**DIRECTIONS FOR THIS TASK:**
Using the data below, return the stretch from the line that contains "Ao editar os" through the line that contains "北京时间1月27日消息,在U", both included, exactly as it stands and nothing beyond it.
[STUDY MATERIAL — start]
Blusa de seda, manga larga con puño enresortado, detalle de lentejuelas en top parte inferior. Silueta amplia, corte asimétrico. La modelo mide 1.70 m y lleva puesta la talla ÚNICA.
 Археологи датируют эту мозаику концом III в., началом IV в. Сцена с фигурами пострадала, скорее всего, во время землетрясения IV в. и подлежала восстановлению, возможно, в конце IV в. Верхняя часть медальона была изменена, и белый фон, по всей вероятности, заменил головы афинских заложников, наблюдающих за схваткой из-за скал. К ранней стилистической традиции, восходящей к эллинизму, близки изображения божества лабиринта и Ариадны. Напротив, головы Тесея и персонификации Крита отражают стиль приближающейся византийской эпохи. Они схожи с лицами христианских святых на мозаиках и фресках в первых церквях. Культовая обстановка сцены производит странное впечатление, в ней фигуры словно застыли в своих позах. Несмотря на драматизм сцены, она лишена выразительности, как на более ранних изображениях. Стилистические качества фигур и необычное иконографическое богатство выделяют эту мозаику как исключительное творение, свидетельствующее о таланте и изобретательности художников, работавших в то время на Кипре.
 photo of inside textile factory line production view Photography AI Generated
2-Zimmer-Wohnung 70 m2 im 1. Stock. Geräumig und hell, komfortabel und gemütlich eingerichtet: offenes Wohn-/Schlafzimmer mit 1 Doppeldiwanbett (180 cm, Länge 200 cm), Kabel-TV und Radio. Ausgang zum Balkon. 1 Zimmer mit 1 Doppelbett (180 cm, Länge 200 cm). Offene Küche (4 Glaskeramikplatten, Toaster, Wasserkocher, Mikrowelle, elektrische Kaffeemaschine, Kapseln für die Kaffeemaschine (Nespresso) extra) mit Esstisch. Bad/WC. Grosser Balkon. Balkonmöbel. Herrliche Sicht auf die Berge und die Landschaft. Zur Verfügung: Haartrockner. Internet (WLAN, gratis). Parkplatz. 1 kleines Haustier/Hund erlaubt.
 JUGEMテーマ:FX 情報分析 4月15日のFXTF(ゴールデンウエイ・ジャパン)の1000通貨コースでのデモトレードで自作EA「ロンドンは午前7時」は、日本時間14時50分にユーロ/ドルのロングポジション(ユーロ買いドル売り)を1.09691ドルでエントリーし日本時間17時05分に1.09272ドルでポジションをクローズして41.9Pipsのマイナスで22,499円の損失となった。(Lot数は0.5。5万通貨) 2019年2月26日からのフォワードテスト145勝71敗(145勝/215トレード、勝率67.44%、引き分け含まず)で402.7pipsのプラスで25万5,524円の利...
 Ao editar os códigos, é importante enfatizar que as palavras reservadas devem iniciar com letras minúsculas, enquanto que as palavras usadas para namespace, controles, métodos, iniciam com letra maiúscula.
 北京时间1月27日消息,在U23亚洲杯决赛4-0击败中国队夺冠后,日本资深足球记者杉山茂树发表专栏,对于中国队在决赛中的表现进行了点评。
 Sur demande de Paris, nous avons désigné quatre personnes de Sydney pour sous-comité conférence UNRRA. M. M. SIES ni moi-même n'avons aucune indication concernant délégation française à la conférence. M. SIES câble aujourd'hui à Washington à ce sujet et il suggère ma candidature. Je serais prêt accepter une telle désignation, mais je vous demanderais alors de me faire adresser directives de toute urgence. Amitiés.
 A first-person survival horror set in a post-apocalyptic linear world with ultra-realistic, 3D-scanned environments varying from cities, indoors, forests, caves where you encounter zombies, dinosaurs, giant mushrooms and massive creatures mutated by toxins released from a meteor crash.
[STUDY MATERIAL — finish]
**ANSWER SECTION:**
 Ao editar os códigos, é importante enfatizar que as palavras reservadas devem iniciar com letras minúsculas, enquanto que as palavras usadas para namespace, controles, métodos, iniciam com letra maiúscula.
 北京时间1月27日消息,在U23亚洲杯决赛4-0击败中国队夺冠后,日本资深足球记者杉山茂树发表专栏,对于中国队在决赛中的表现进行了点评。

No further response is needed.